§ Data section
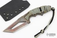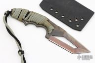 This POGN fixed blade by Bawidamann Blades has a "camo" acid etched S35VN stainless steel double edge drop point/ tanto skeletonized blade with notched thumbrest. Handle is paracord wrapped, with contoured finger "choils" and lanyard. Has some scuffs and scratches, has a couple small nicks in the edge, otherwise good user condition. Comes with kydex sheath.
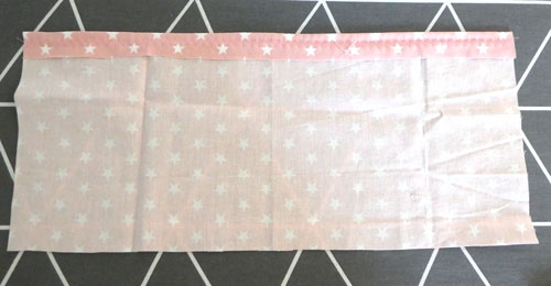 - Baumwollstoff, ca. 34cm x 17cm (für Kinder 34cmx 11cm) z. B. Baumwollstoff Léger - Small Stars - Rosa/Weiß
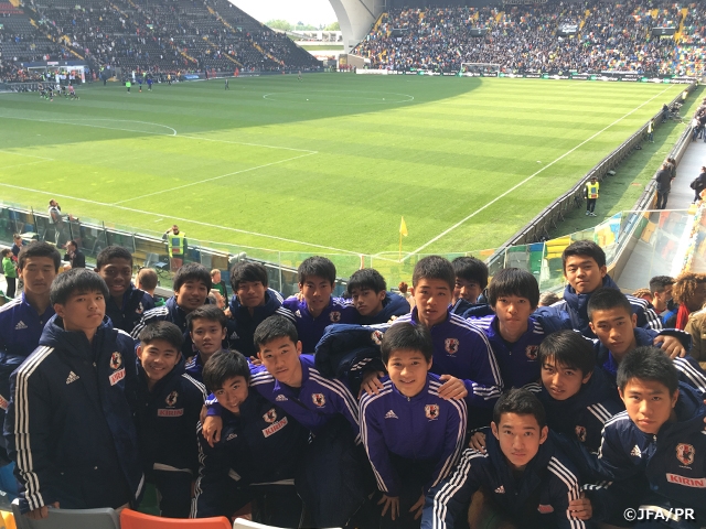 遠征3日目の4月23日(日)は、午前のみトレーニングを実施。20分間の有酸素運動を行った後、パス&コントロール等のメニューをこなしました。イタリアでの最初のトレーニングは、約1時間20分という短い時間でしたが、チーム全体で集中して取り組みました。午後は、大会から招待されて、イタリアセリエA ウディネーゼのホームスタジアムを訪問。同会場で行われた、イタリアセリエA ウディネーゼ 対 カリアリの試合をチーム全員で観戦しました。

§ Task to complete
The required answer is an exact, picture-free copy of the lines from the opening of the listing above through the line with "- Baumwollstoff, ca.".

§ Written answer
 This POGN fixed blade by Bawidamann Blades has a "camo" acid etched S35VN stainless steel double edge drop point/ tanto skeletonized blade with notched thumbrest. Handle is paracord wrapped, with contoured finger "choils" and lanyard. Has some scuffs and scratches, has a couple small nicks in the edge, otherwise good user condition. Comes with kydex sheath.
 - Baumwollstoff, ca. 34cm x 17cm (für Kinder 34cmx 11cm) z. B. Baumwollstoff Léger - Small Stars - Rosa/Weiß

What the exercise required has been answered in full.